Starting at the top of the records below, write out each line exactly as it stands, stopping after the line with "救援人员到场后立即开展现场研"; exclude the pictures.

INPUT FOR THIS TASK:
=== Begin Enclosure ===

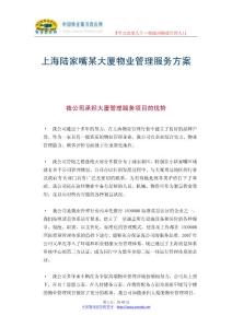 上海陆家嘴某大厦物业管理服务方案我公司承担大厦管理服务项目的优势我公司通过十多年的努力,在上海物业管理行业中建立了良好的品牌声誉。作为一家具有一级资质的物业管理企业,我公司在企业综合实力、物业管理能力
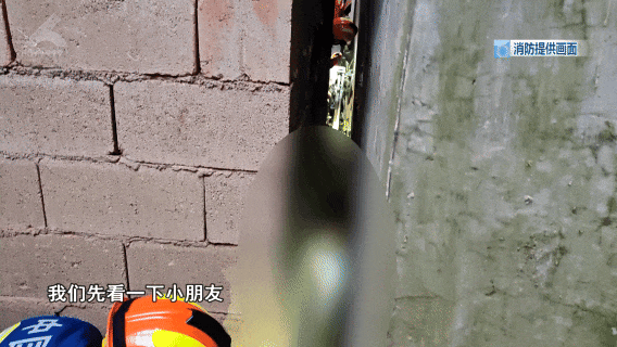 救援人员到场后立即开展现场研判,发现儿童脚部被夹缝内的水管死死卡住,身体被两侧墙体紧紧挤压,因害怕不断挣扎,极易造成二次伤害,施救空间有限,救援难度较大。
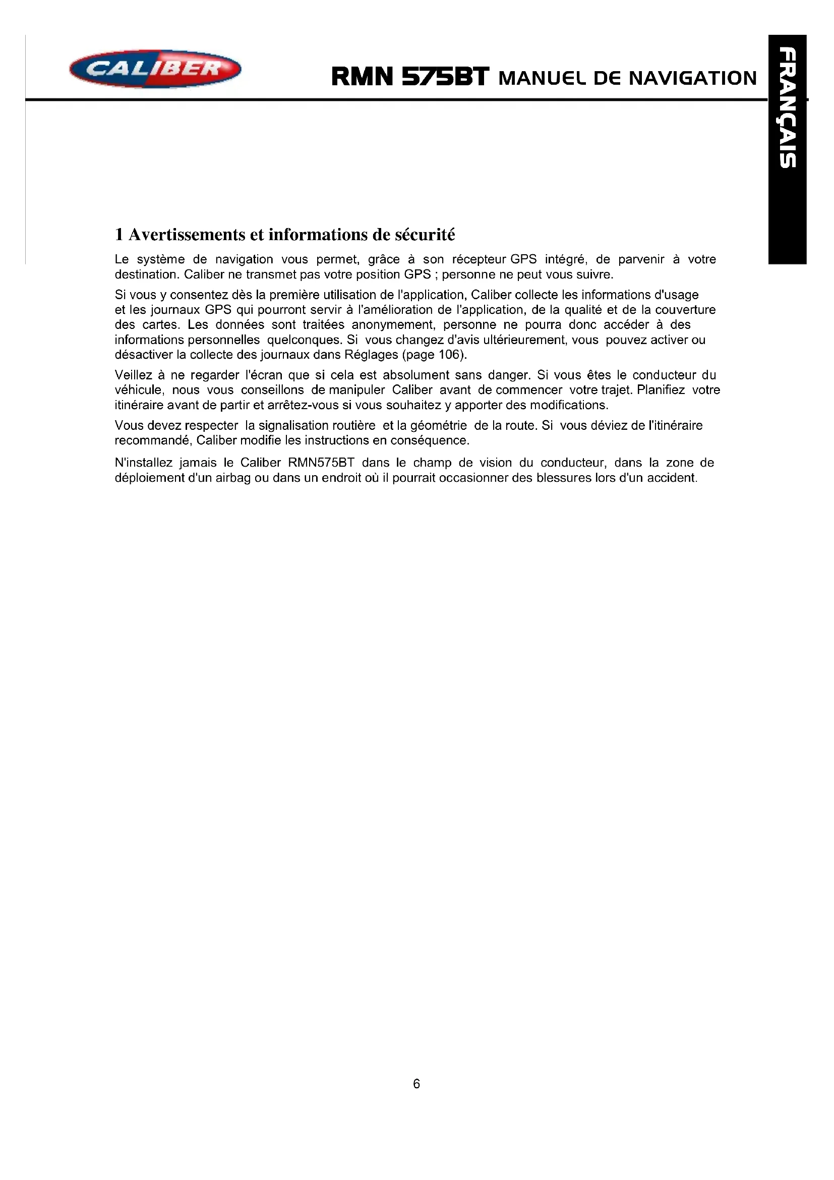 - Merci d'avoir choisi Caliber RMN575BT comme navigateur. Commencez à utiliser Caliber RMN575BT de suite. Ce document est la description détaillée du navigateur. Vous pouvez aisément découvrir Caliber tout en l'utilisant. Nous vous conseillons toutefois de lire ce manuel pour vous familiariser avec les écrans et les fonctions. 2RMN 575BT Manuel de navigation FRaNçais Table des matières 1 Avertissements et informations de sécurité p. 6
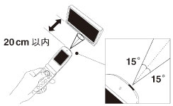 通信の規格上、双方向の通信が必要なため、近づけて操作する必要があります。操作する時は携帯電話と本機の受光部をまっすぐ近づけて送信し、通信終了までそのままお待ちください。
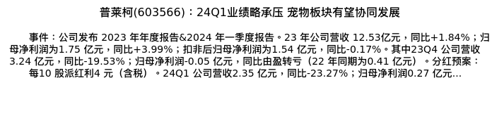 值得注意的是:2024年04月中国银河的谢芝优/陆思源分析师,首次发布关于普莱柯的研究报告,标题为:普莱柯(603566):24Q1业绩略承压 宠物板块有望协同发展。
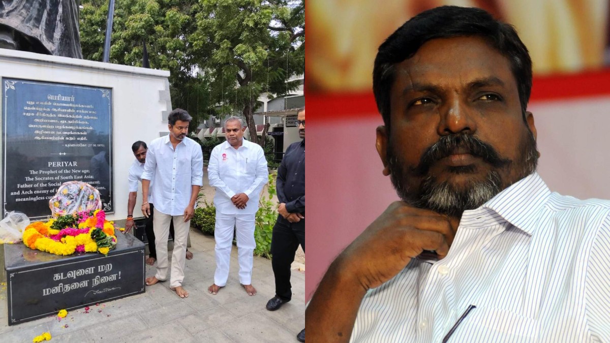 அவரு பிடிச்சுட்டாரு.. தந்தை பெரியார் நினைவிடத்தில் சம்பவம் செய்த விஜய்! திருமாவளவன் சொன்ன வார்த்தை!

=== End Enclosure ===

ANSWER TO THIS TASK:
 上海陆家嘴某大厦物业管理服务方案我公司承担大厦管理服务项目的优势我公司通过十多年的努力,在上海物业管理行业中建立了良好的品牌声誉。作为一家具有一级资质的物业管理企业,我公司在企业综合实力、物业管理能力
 救援人员到场后立即开展现场研判,发现儿童脚部被夹缝内的水管死死卡住,身体被两侧墙体紧紧挤压,因害怕不断挣扎,极易造成二次伤害,施救空间有限,救援难度较大。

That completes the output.